## [WHAT YOU NEED TO DO]
In the records below, find the line with "可視光線と紫外線を感知、濃度が自然に変化する「可視光調光レンズ」が10%OFF" and repeat exactly every line from it through the line with "Dieses Sühnekreuz stammt". Pictures stay out.

## [Recorded data]
● ● ● ● ● ● ●
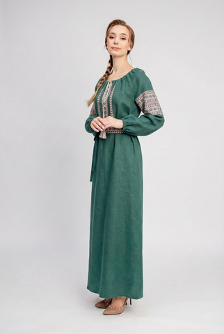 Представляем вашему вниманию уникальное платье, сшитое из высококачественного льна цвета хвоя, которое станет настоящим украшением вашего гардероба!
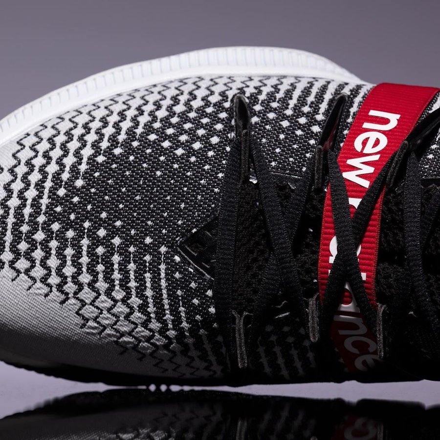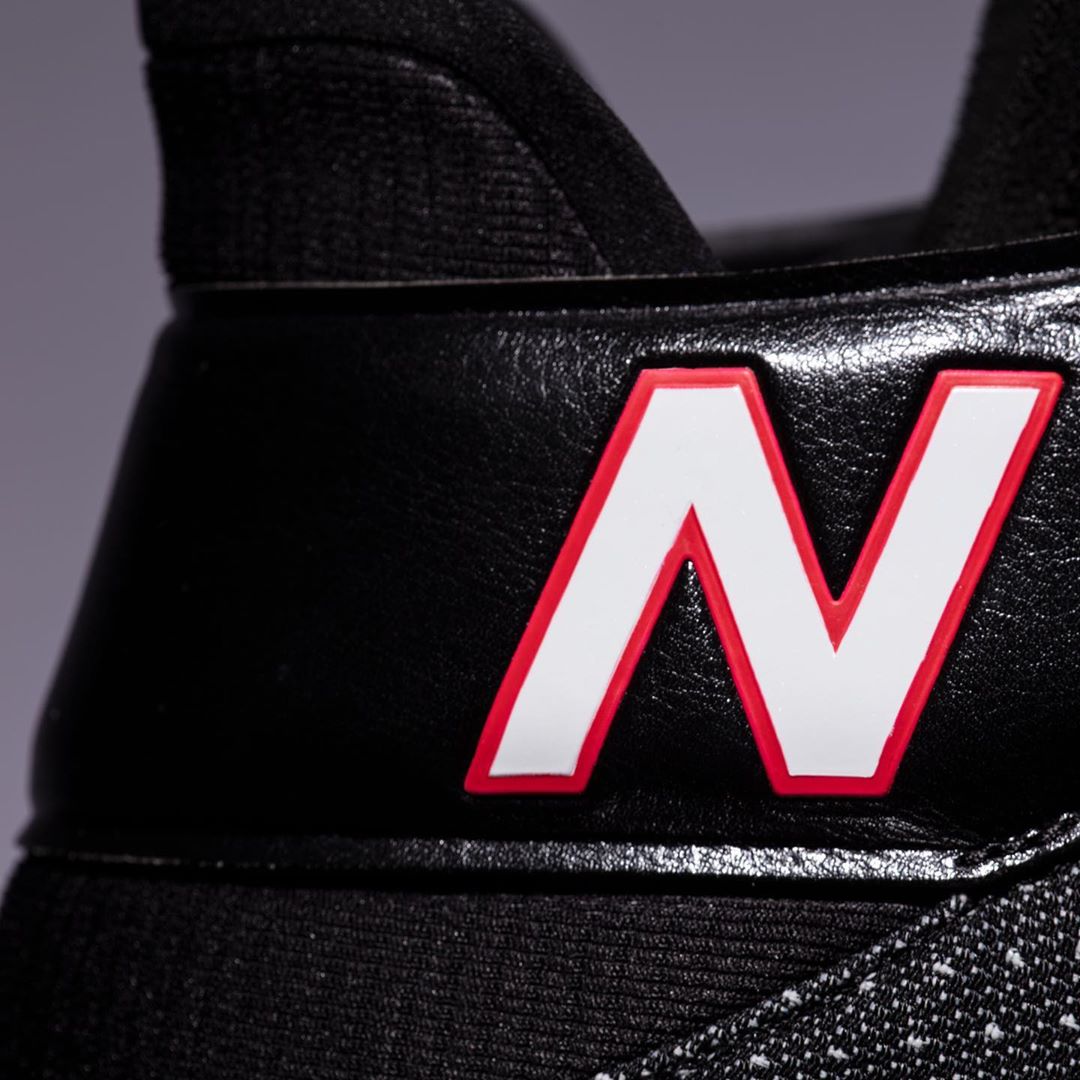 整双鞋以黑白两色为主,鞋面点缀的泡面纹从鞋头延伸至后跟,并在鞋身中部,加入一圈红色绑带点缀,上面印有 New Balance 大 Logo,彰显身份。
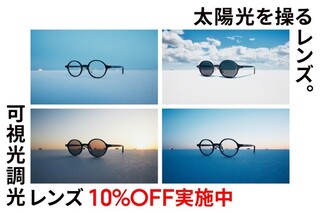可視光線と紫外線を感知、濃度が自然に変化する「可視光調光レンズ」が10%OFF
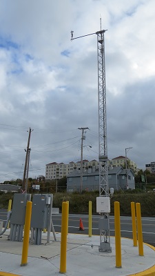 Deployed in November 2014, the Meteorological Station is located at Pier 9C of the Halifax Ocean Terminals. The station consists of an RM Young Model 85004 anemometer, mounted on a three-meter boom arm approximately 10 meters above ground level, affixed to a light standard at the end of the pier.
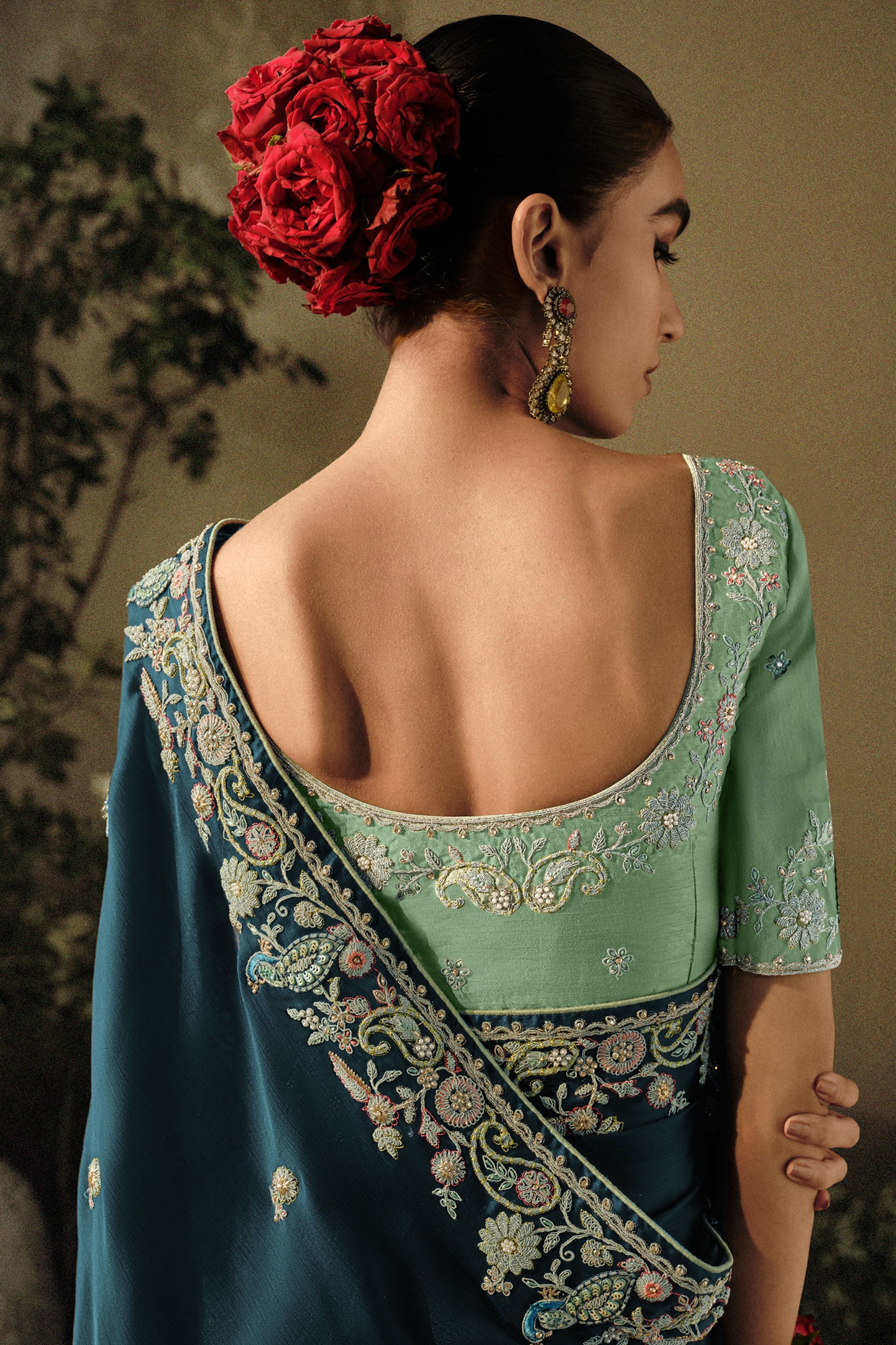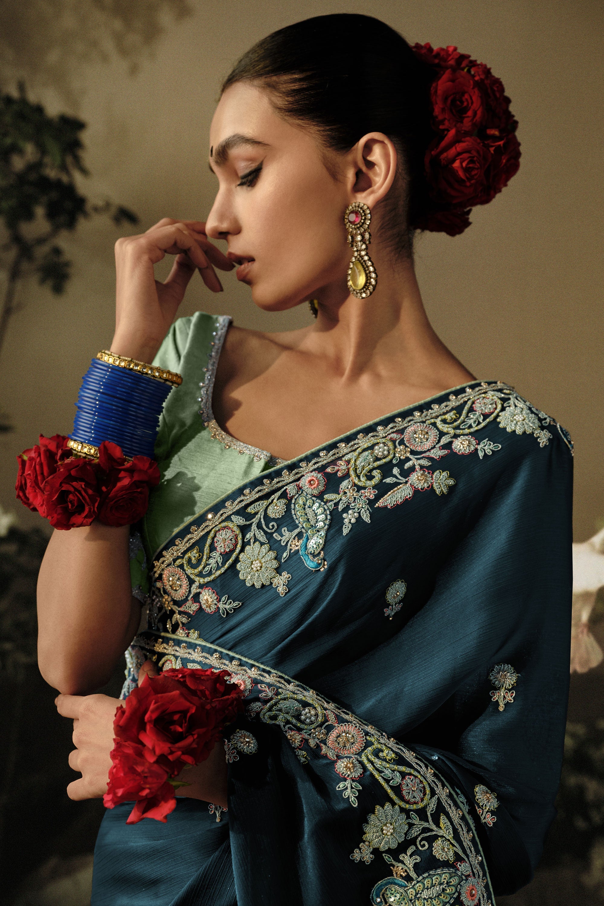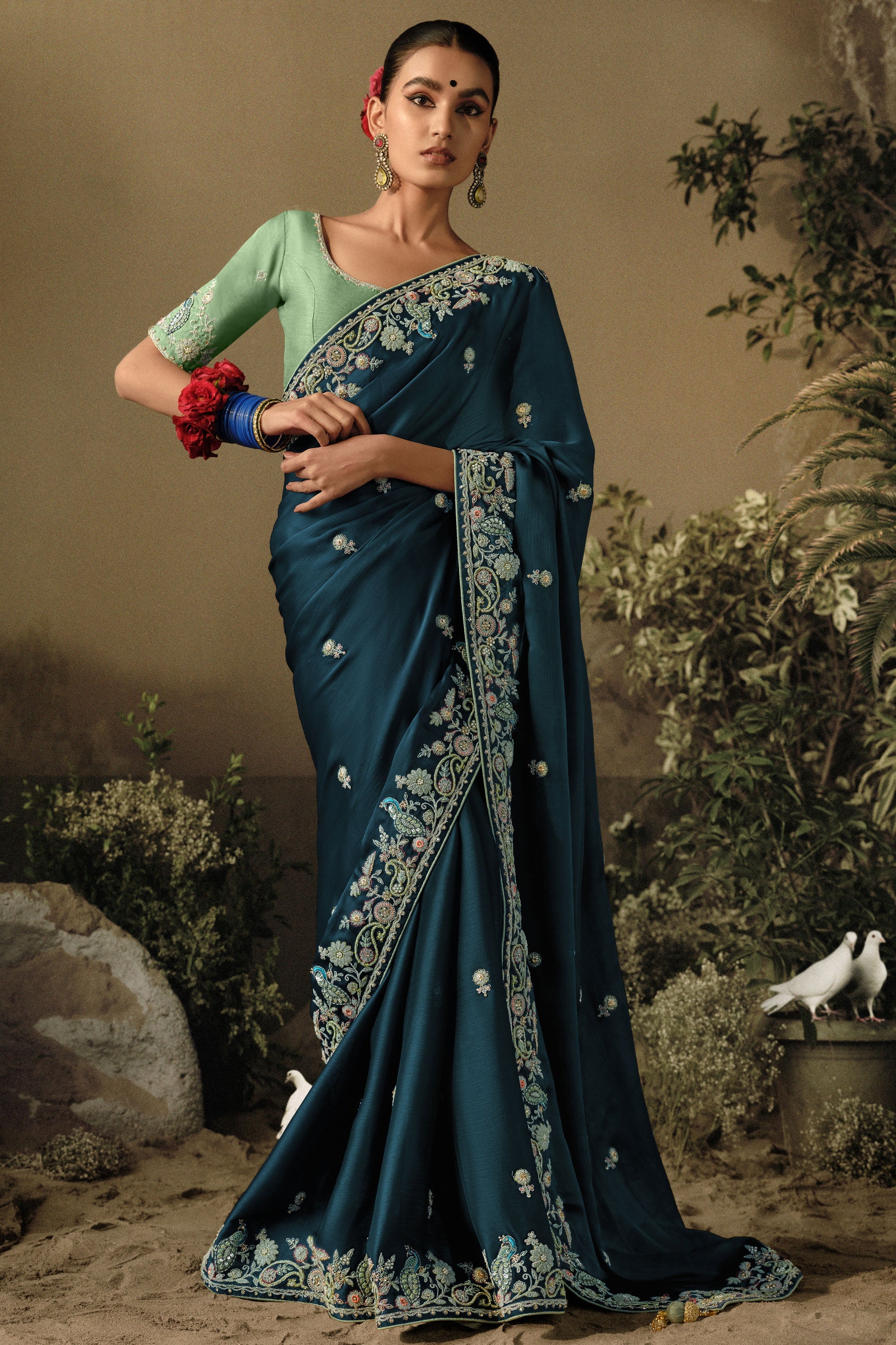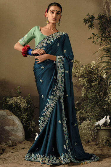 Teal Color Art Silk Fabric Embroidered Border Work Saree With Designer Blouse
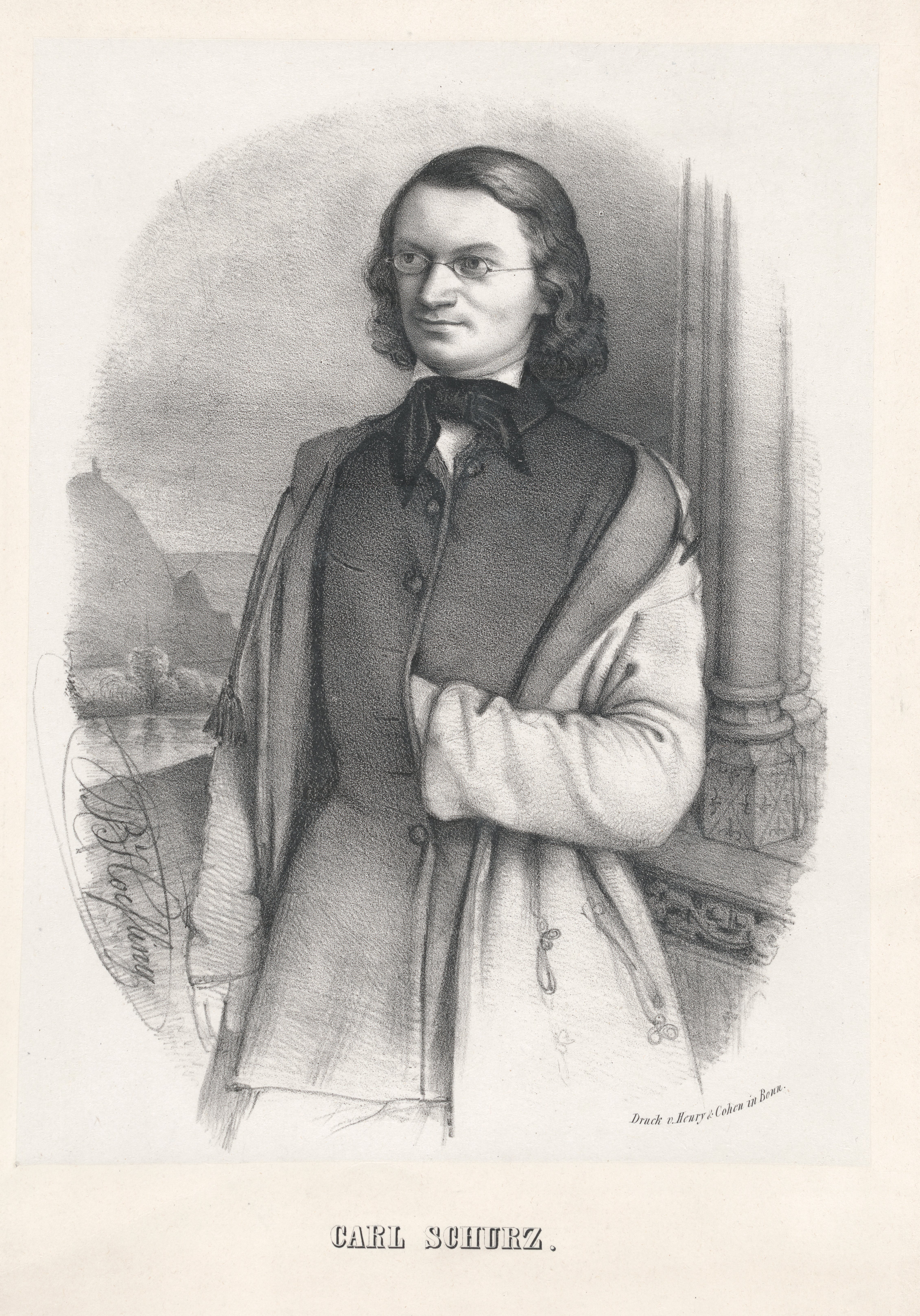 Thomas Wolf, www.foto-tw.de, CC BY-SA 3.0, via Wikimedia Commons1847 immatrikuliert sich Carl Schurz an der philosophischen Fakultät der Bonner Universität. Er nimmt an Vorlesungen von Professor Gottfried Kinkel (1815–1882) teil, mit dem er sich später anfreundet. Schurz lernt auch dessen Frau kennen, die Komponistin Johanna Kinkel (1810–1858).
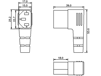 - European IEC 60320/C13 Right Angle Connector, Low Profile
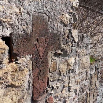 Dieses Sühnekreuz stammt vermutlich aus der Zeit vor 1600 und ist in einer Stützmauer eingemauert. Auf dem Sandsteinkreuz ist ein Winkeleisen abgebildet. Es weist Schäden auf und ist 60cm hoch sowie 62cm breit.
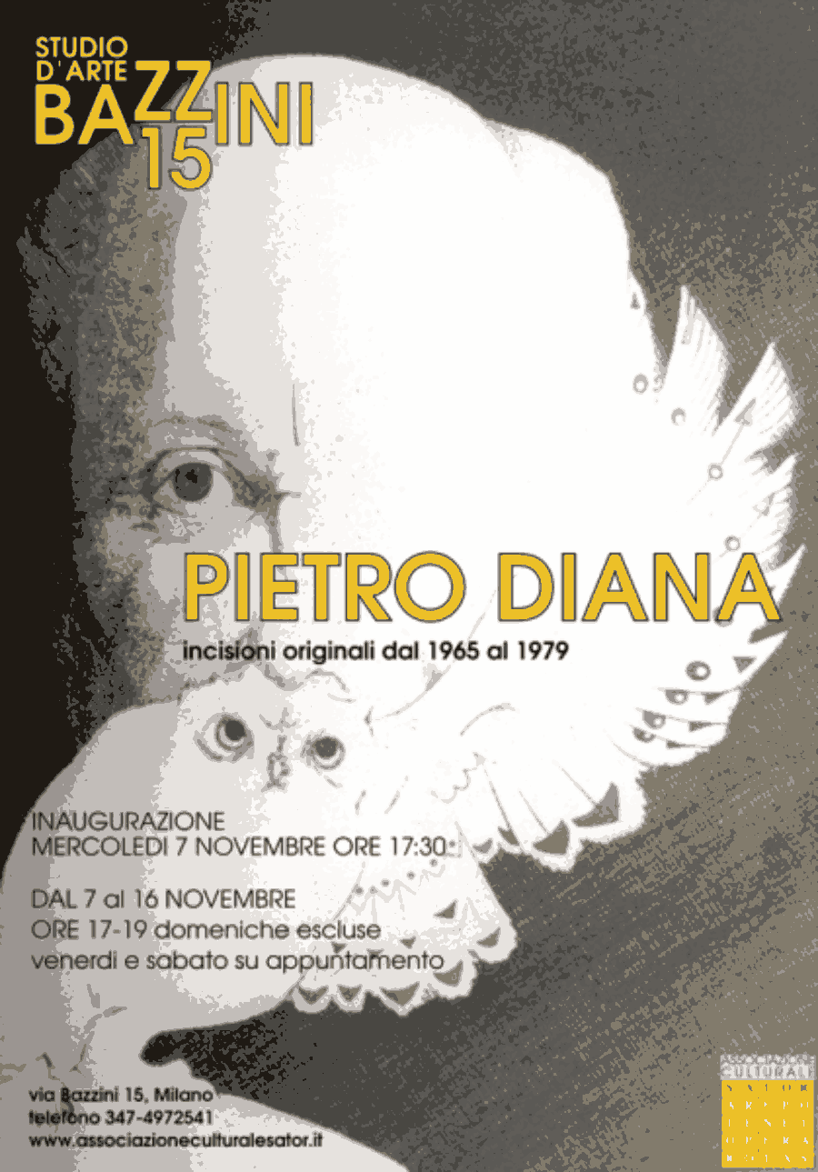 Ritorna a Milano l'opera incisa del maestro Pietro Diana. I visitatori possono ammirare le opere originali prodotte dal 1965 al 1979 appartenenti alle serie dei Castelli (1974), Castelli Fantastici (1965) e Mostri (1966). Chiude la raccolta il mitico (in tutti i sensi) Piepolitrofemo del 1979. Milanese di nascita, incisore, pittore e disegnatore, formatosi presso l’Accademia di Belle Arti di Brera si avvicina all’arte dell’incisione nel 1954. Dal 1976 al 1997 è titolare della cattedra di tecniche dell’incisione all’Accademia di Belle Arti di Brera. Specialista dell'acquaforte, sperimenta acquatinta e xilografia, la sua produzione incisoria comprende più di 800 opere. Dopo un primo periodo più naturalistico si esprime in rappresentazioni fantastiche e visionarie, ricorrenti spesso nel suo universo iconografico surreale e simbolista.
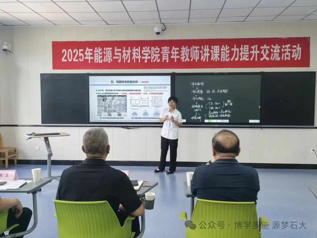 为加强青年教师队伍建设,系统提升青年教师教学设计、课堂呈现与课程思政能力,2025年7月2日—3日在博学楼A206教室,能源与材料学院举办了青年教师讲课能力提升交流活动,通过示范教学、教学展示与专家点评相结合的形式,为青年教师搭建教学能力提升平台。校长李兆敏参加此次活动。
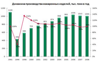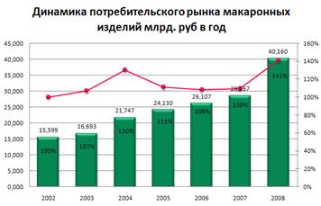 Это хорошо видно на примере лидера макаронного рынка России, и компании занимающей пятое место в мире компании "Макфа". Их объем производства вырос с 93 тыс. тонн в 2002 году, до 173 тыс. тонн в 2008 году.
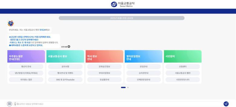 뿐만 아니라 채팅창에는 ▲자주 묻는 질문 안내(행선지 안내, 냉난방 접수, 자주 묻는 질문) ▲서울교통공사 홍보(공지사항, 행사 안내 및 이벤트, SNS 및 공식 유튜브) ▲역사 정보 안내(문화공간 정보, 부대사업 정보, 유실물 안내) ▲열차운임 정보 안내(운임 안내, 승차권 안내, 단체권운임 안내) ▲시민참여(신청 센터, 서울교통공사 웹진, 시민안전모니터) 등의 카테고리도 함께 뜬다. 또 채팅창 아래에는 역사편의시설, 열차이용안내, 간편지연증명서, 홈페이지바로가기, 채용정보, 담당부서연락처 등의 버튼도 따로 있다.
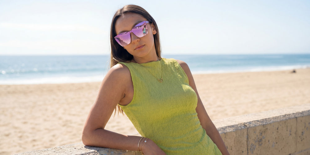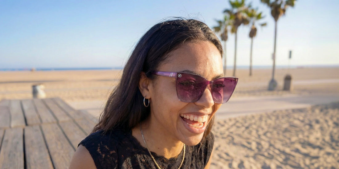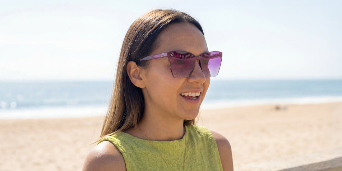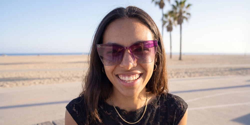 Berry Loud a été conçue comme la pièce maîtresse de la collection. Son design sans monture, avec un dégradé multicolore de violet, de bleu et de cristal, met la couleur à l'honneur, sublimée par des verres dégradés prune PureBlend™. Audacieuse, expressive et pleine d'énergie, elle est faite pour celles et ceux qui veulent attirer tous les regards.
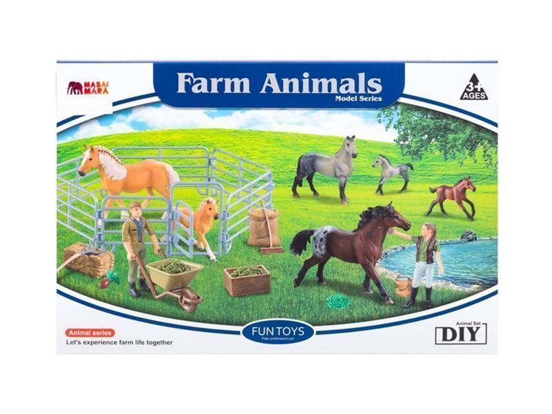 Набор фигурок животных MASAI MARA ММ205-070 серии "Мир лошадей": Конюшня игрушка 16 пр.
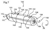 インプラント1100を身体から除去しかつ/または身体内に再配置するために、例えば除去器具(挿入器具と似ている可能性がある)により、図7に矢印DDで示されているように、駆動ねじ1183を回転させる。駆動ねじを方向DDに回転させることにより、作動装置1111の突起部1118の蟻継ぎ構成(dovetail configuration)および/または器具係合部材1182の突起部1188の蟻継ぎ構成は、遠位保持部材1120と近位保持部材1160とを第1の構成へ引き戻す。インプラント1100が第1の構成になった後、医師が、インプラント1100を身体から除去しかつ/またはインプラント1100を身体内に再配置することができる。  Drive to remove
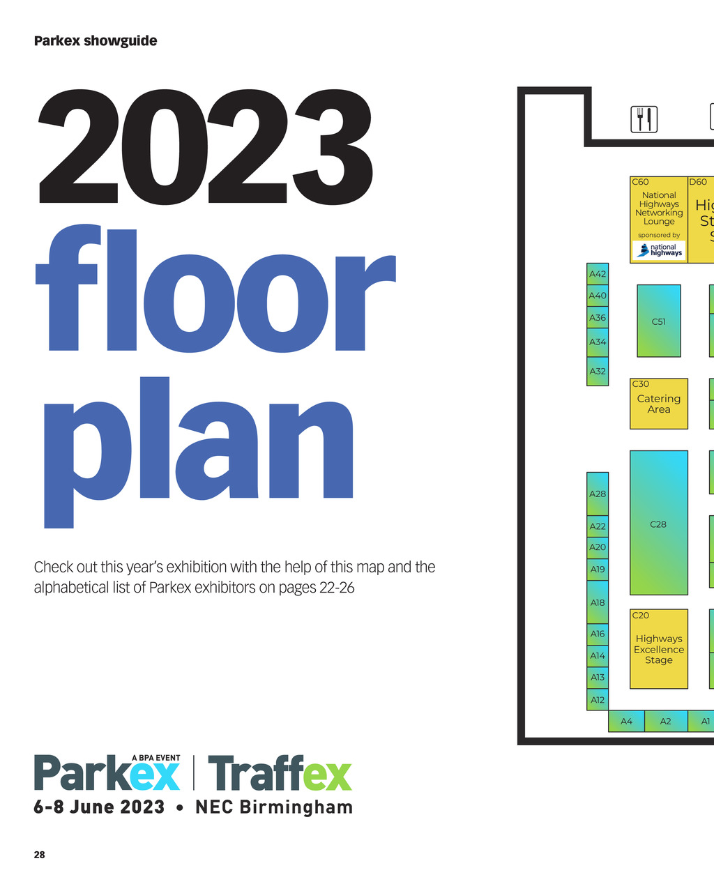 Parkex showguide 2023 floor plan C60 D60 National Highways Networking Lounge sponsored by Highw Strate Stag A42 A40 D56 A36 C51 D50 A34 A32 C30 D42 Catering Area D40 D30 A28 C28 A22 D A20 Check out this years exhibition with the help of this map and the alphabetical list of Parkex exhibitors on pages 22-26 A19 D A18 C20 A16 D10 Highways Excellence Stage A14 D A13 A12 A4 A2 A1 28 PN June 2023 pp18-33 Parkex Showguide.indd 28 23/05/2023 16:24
● ● ● ● ● ● ●
## [EXERCISE ANSWER]
可視光線と紫外線を感知、濃度が自然に変化する「可視光調光レンズ」が10%OFF
 Deployed in November 2014, the Meteorological Station is located at Pier 9C of the Halifax Ocean Terminals. The station consists of an RM Young Model 85004 anemometer, mounted on a three-meter boom arm approximately 10 meters above ground level, affixed to a light standard at the end of the pier.
 Teal Color Art Silk Fabric Embroidered Border Work Saree With Designer Blouse
 Thomas Wolf, www.foto-tw.de, CC BY-SA 3.0, via Wikimedia Commons1847 immatrikuliert sich Carl Schurz an der philosophischen Fakultät der Bonner Universität. Er nimmt an Vorlesungen von Professor Gottfried Kinkel (1815–1882) teil, mit dem er sich später anfreundet. Schurz lernt auch dessen Frau kennen, die Komponistin Johanna Kinkel (1810–1858).
 - European IEC 60320/C13 Right Angle Connector, Low Profile
 Dieses Sühnekreuz stammt vermutlich aus der Zeit vor 1600 und ist in einer Stützmauer eingemauert. Auf dem Sandsteinkreuz ist ein Winkeleisen abgebildet. Es weist Schäden auf und ist 60cm hoch sowie 62cm breit.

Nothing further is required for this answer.